A hospital spokesperson did not return calls and e-mails to discuss the case.
Against long odds, the baby Susan was carrying when she was stricken appears to be thriving after nearly 21 weeks of gestation, Torres says. If she can stay alive another month, and the cancer stays away from her uterus, the baby could be delivered and have a chance of surviving, he says. The couple has a 2-year-old son, Peter.
"I hate seeing her on those darned machines," Torres says, "and I hate using her as a husk, a carrying case, because she herself is worth so much more. But Susan really wanted this baby. And she's a very - how should I put this? - a willful lady. That's probably why she's made it this far."
Since 1977, at least nine comatose women have given birth in the USA, according to research by the University of Connecticut's medical center. Women with aggressive melanoma, the skin cancer that spread to Susan's brain, have borne children in reported cases in the USA, the United Kingdom and Canada, though not all survived.
Susan's doctors tell Torres they know of no cases in which a brain-dead mother with melanoma has delivered a child, he says.
The couple married a year out of college, in May 2002, and welcomed son Peter 13 months later.
Susan, a biology major, liked her job working on malaria vaccines at NIH, Torres says. But she liked being a mother even more and was thrilled to become pregnant again at the beginning of 2005.
Susan had first developed melanoma, the most serious form of skin cancer, as a teenager in Houston, but had been cancer-free for nearly nine years.
So when Susan began to have headaches and nausea early last month, Torres says, there was no reason to suspect it was anything more than the miseries of early pregnancy. On May 6, the couple made an emergency room visit, where Susan was rehydrated, fed some bland crackers and sent home to rest.
The next night, while he was feeding Susan, "she just stopped," Torres says. Using techniques he had learned as a lifeguard, Torres restarted his wife's breathing. Emergency medical technicians arrived in minutes. Four hours later, a still-dazed Torres was standing outside an operating room and hearing from a neurosurgeon that cancer had invaded Susan's brain.

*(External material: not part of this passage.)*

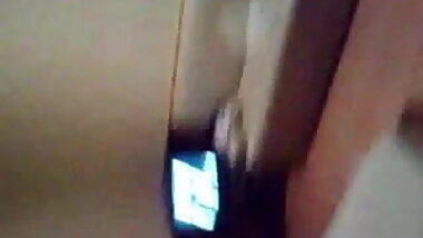 "Lovely brunette babe plugging her cunt with a big dildo"

A day after, when it was clear Susan had survived surgery, Torres faced an agonizing choice: keeping his wife on life support, with a slim chance of producing a live though perhaps disabled baby, or allowing her to die.

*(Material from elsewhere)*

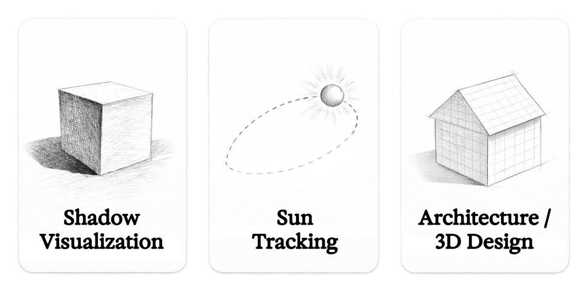 “Shadow Visualization Tools”, “Sun Tracker Tools” and “Architecture & CAD Tools” refer to typical feature sets of these tool categories. Individual products may vary.
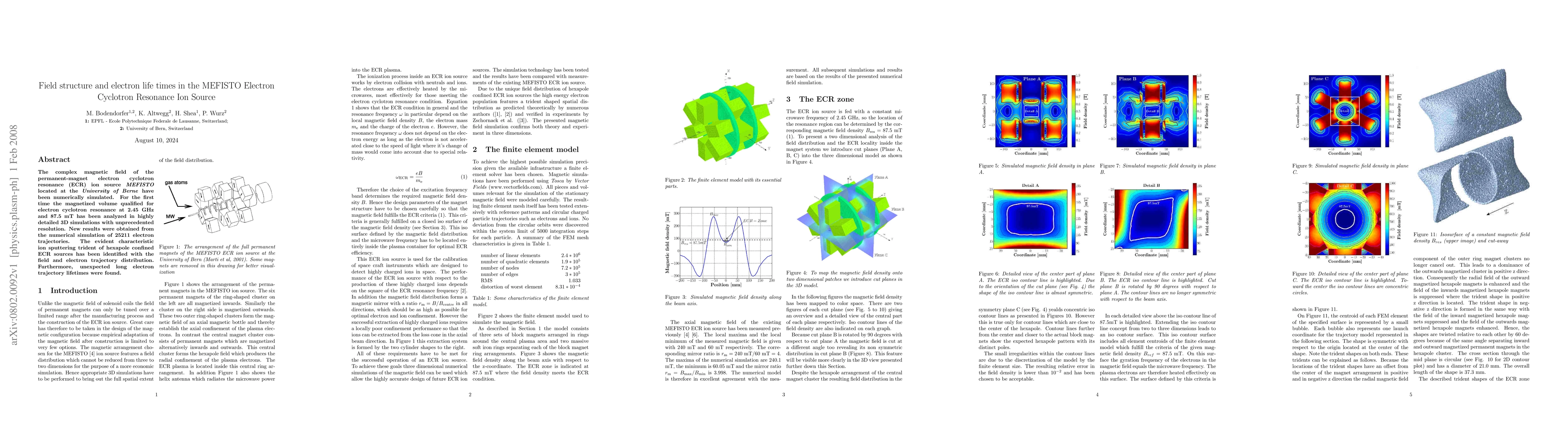 This research paper presents detailed 3D simulations of the magnetic field in the MEFISTO ECR ion source, revealing unprecedented insights into the electron cyclotron resonance at 2.45 GHz and 87.5 mT. The study identified the characteristic ion sputtering trident and discovered unexpectedly long electron trajectory lifetimes.

Unspoken, but hovering like a cloud: Picking the first option would be hugely costly. He'd be ground down by unimaginable debt. The couple has health insurance but expects it will cover only a fraction of the cost, currently running at least $7,500 a day, he says.
Torres wavered.
On a high school religion test, he once tackled a similar ethical problem - can you harm an unborn child in order to save its mother? But that was hypothetical. The exercise didn't offer much help here.
He and Susan had never talked about what to do in such circumstances. But Torres remembered that when Susan was pregnant with Peter, the couple had been offered tests to determine whether the child had Down syndrome or other genetic disorders. Susan, Torres recalls, was offended by the implication that if the child was compromised, she should end her pregnancy. She turned down the test.
That memory, and a nurse's advice to "think of what Susan would want," clarified matters for Torres, he says.
'Not a glimmer of doubt'
"There's not a glimmer of doubt in my mind that this is what she would have wanted," he says. "Any chance at all to save the baby, and Susan would have said, 'Let's go for it.' "
Torres' goal is for Susan and the baby to reach the 30-week mark, when such risks are greatly diminished.
Torres knows that the baby's delivery date, when and if it comes, will be bittersweet. After the baby is born, Susan's body will be anointed in the Catholic tradition, and she'll be allowed to die.
"That could be a little rough," he says.
"But I'm not focused there yet. The question I keep asking myself is: When this is over, do I get to take a baby home?"